## [WORK ORDER]
Would you please write out only the lines running from the top of the listing through the one holding "エアーストロング工法は、「住", exactly, with both ends kept and pictures left out?

## [AVAILABLE DATA]

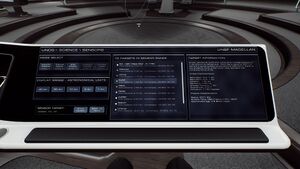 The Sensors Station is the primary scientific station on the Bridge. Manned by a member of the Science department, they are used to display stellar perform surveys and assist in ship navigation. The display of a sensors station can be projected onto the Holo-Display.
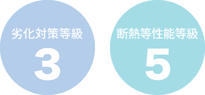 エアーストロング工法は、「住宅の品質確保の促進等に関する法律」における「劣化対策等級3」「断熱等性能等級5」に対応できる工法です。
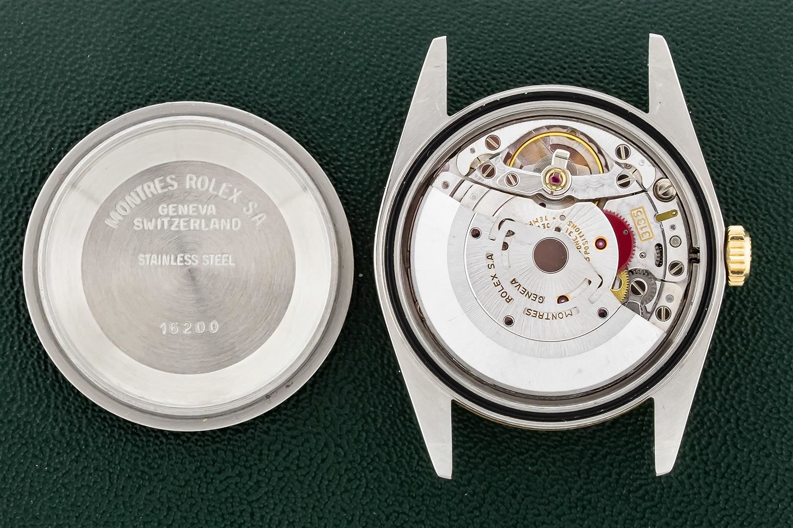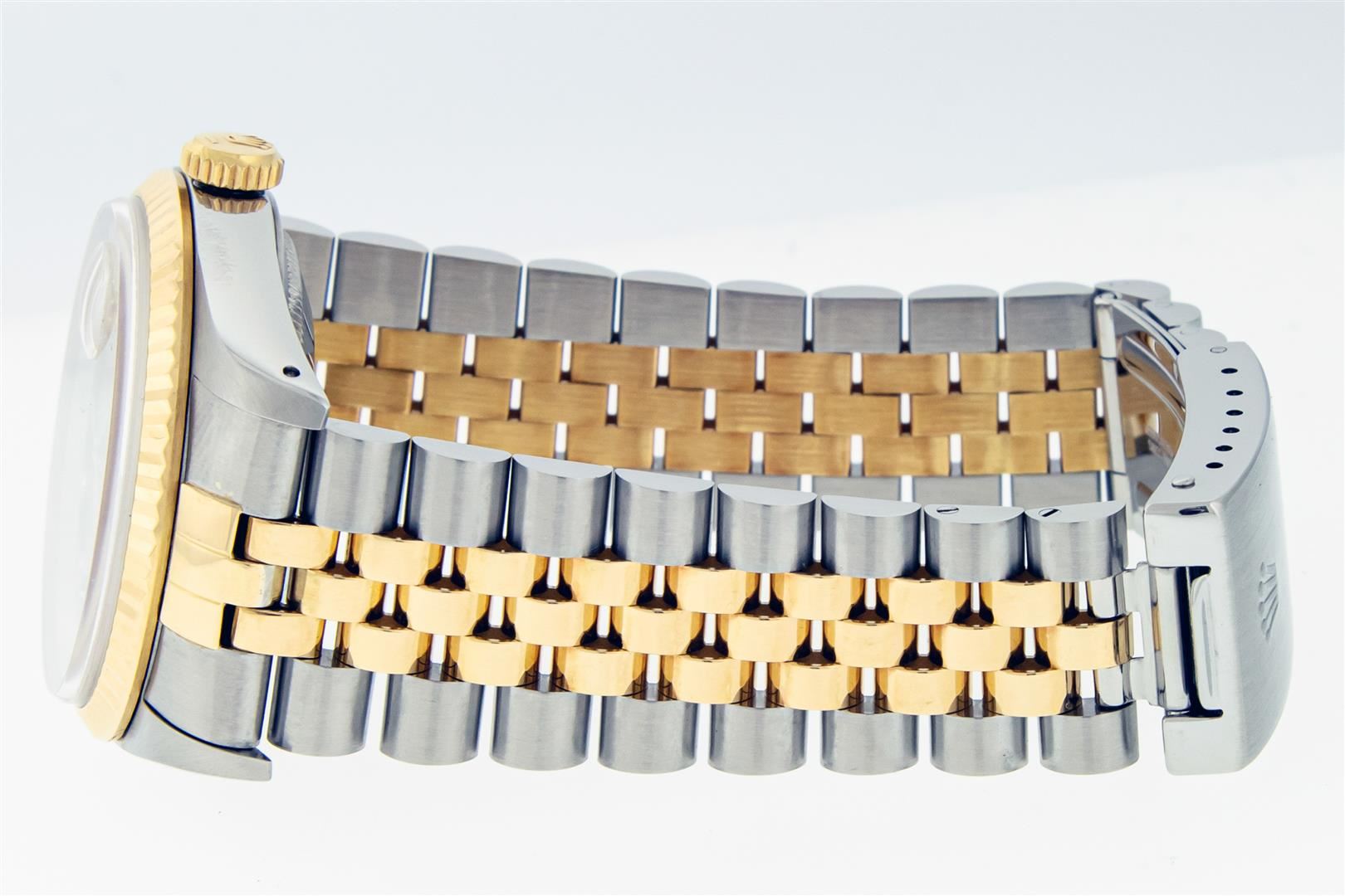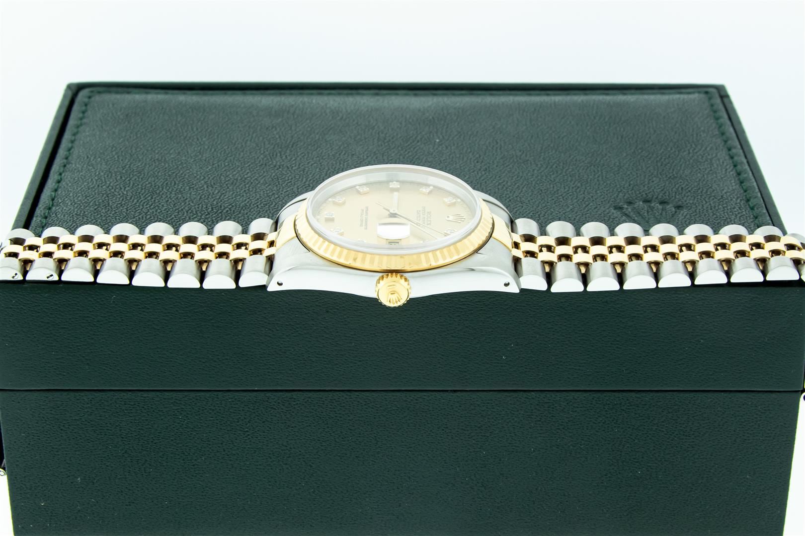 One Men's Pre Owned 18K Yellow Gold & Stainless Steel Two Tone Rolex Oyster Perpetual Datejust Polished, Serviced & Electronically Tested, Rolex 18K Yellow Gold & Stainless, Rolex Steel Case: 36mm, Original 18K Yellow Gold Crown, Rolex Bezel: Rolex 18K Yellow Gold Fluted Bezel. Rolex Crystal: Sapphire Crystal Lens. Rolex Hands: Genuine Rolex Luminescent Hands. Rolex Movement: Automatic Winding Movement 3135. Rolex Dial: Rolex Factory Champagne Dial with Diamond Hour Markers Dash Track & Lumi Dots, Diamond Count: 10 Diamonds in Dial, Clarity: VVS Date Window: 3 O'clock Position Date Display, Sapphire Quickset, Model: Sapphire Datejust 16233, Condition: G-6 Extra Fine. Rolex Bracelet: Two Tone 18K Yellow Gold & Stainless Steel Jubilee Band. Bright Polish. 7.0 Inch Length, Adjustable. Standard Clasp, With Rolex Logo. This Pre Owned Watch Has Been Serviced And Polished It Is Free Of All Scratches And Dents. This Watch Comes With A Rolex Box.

## [ANSWER BOX]
 The Sensors Station is the primary scientific station on the Bridge. Manned by a member of the Science department, they are used to display stellar perform surveys and assist in ship navigation. The display of a sensors station can be projected onto the Holo-Display.
 エアーストロング工法は、「住宅の品質確保の促進等に関する法律」における「劣化対策等級3」「断熱等性能等級5」に対応できる工法です。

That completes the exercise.